GUEST BLOGGER: TIFFANY GEE LEWIS

Tiffany Lewis lives in Austin, Texas, where she grows green vegetables and happy boys.  She writes a weekly column for Mormontimes.com.  And she’s nine months pregnant.

UPDATE: TIFFANY HAD HER BABY!  3/28 … a boy.  The whole family is delighted.

I have never been one of those people who worried about losing their figure as a mother, perhaps because I didn’t have much of one to begin with.

I’m on my fourth pregnancy, and am well resigned to the fact that I am shifting, like the earth’s tectonic plates. There are hills where there once were valleys, and valleys where there were hills. Things just won’t hang or sit the way they once did.

So that doesn’t bother me. And I have good pregnancies—no sciatic nerve pain or gestational diabetes. Beyond the overactive gag reflex and the occasional heartburn, (and being so short people ask me if I’m having TWINS when I’m only six months along), pregnancy is a good fit for me.

But there are times, in this long, nine-month process, that I dream of putting aside the belly, just for a moment. I want to hang it on a hook like Bob the Builder does with his toolbelt, for maybe 20 minutes. I’ll come right back and strap it on, I promise. Only there are things I want to do, and can’t. Here’s my running list:

1. Paint the baseboards of my dining room.
2. Scrub that nefarious region behind the toilet. (I have three boys—it’s like a live mine back there.)
3. Run races down the sidewalk with my children.
4. Take a three-mile jog through the nature preserve behind my house.
5. Do a handstand, then a cartwheel.
6. Jump on a trampoline and touch my toes.
7. Slip into that cute paisley skirt in my closet and twirl in front of the mirror.
8. Give my husband a real hug, not the half-sideways kind we resort to for this pregnancy thing.
9. Sleep on my back.

Nothing fancy, just a few pleasures I pine for as I lay on my side in bed at night, stuffed like manicotti among the pillows.

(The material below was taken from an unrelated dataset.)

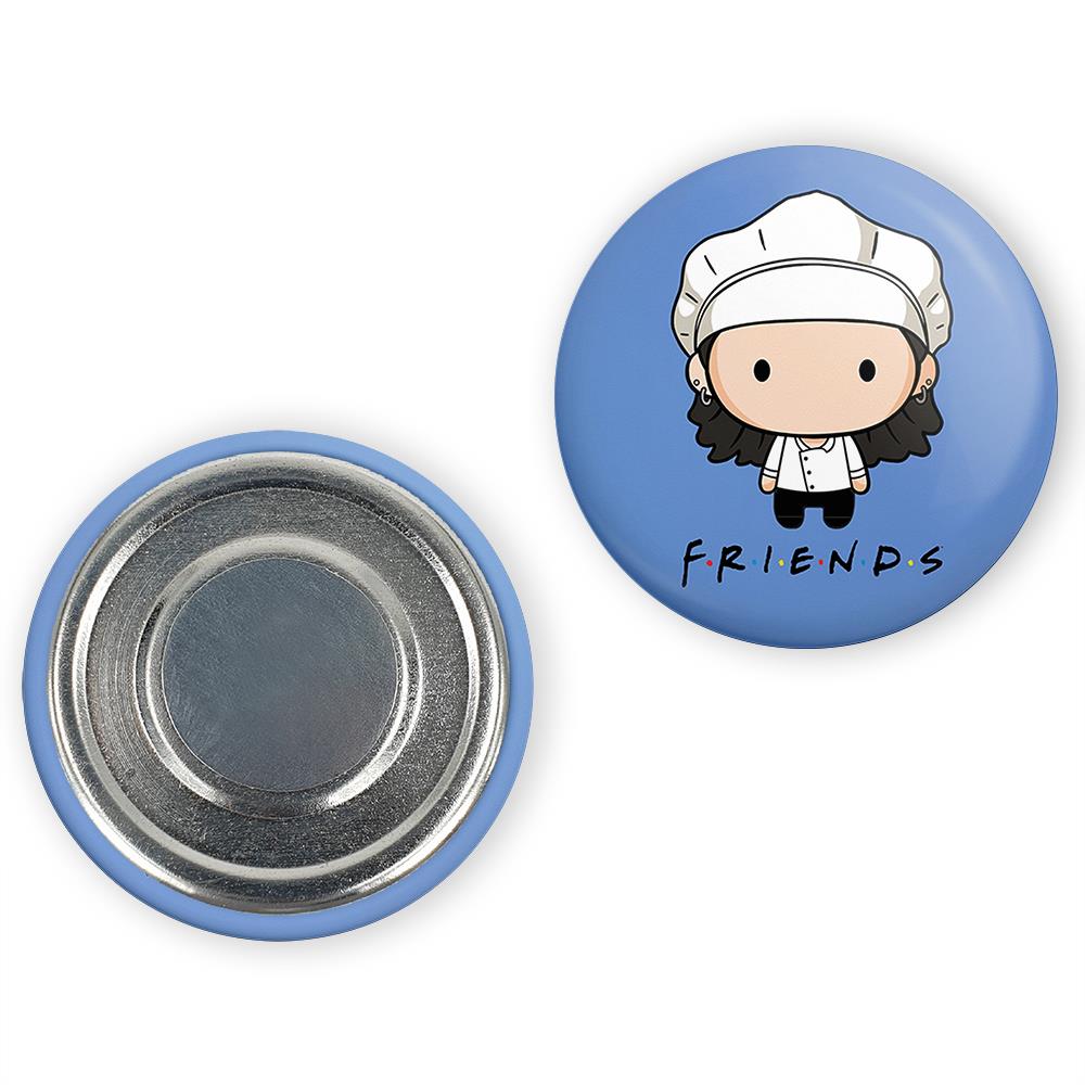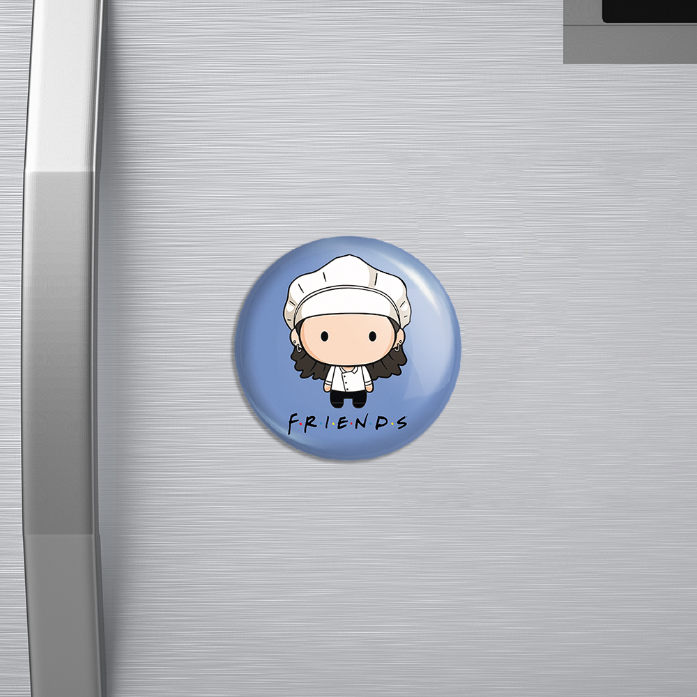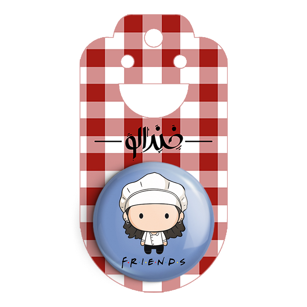 مگنت فرندز Friends خندالو با روکش سلفون مات مخملی ضدخش و قطعه پشتی فلزی تولید شده است که آهنربای اتمی بکار برده شده در محصول، بصورت مخفی تعبیه شده ودیده نمی شود. ضمن اینکه گیرایی بسیار بالایی داشته و به هیچ عنوان از روی یخچال نمی افتد.

The only time I can suspend this weighty reality is during my weekly swims at the YMCA. Because of that instinctive gag reflex, I couldn’t swim for the first few months of pregnancy. Whenever I passed a floating hairball (and once, a small lizard carcass) I nearly lost my Cheerios right there in the lap lane. Then I splurged on a pair of dark blue goggles, took out my contacts, and I’ve been good ever since.

I swam a mile last week, trucking through the water like those mighty cruise ships we used to see off the coast of Miami Beach. With the aquacise ladies on one side of the pool and me on the other, we created a mighty wake back and forth that sloshed waves against the pool’s edges. I swam strong and sure for 45 minutes, suspended in the reality that I was light, airless. Then I went to pull myself out of the pool and my knees buckled under all that weight, wet and drippy. I was not Dara Torres, I was Moby Dick, washed ashore.

I am due any day. I am not, like some pregnant marvels, the type that tightens up again into a lithe beauty two weeks after labor. My whole body sags like poked bread dough left to rise and then sink. That too, I am okay with. I will swim, and bike and run, bend down a million times a day to retrieve Legos and Bionicles and change diapers. Every time I do, I will be grateful for the space missing around my middle, and marvel at love’s ability to expand for another child.